For Pol II and its phosphorylated forms, cChIP-seq was done as described previously (Turberfield et al. 2019). Briefly, 5×107 ESCs (untreated and OHT-treated) were crosslinked in 10 ml 1x PBS with 1% formaldehyde (methanol-free, Thermo Scientific) for 10 min at 25°C and then quenched by addition of 125 mM glycine. Cross-linked ESCs were mixed with 2×106 human HEK293T cells, which have been similarly single-crosslinked, and then incubated in FA-lysis buffer (50 mM HEPES pH 7.9, 150 mM NaCl, 2 mM EDTA, 0.5 mM EGTA, 0.5% NP40, 0.1% sodium deoxycholate, 0.1% SDS, 10 mM NaF, 1 mM AEBSF, 1×PIC) for 10 min at 4°C. Chromatin was sonicated for 30 min using the BioRuptor Pico (Diagenode), followed by centrifugation at 20,000 g for 10 min at 4°C to collect the clear supernatant fraction.
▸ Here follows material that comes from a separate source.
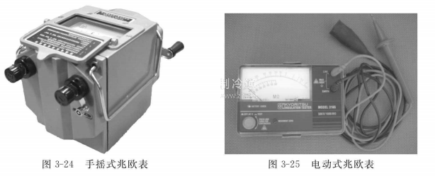 手搖式兆歐表(圖3-24)的電源為手搖發電機,測量機構為磁電式流比計。它的優點是比較方便,但缺點是輸出電壓難以保證。

For RING1B and SUZ12 ChIP, sonicated chromatin was diluted 10-fold with ChIP dilution buffer (1% Triton-X100, 1 mM EDTA, 20 mM Tris-HCl pH 8, 150 mM NaCl, 1xPIC). For Pol II ChIP, 300 ug of chromatin per one IP was diluted in FA-lysis buffer up to a final volume of 1 ml. Diluted chromatin was pre-cleared for 1 hr using Protein A agarose beads (Repligen) that were pre-blocked with 1 mg/ ml BSA and 1 mg/ml yeast tRNA. For each ChIP reaction, 1 ml of diluted and pre-cleared chromatin was incubated overnight with the appropriate antibody, anti-RING1B (CST, D22F2, 3 μl), anti-SUZ12 (CST, D39F6, 3 μl), anti-Rpb1-NTD (CST, D8L4Y, 15 μl) as a measure of total Pol II levels, anti-Rpb1-CTD-Ser5P (CST, D9N5I, 12.5 μl) and anti-Rpb1-CTD-Ser2P (CST, E1Z3G, 12.5 μl) as a measure of Pol II phosphorylation levels. To capture antibody-bound chromatin, ChIP reactions were incubated with pre-blocked protein A agarose beads (Repligen) for 2 hr (RING1B and SUZ12) or 3 hr (Pol II) at 4°C. For RING1B and SUZ12, ChIP washes were performed as described previously (Farcas et al. 2012). For Pol II, washes were performed with FA-Lysis buffer, FA-Lysis buffer containing 500 mM NaCl, DOC buffer (250 mM LiCl, 0.5% NP-40, 0.5% sodium deoxycholate, 2 mM EDTA, 10 mM Tris-HCl pH 8), followed by two washes with TE buffer (pH 8). ChIP DNA was eluted in elution buffer (1% SDS, 0.1 M NaHCO3) and cross-linking was reversed overnight at 65°C with 200 mM NaCl and 2 μl RNase A (Sigma). Matched input samples (10% of original ChIP reaction) were treated identically. The following day, ChIP samples and inputs were incubated with Proteinase K (Sigma) for at least 1.5 hr at 56°C and purified using ChIP DNA Clean and Concentrator Kit (Zymo Research).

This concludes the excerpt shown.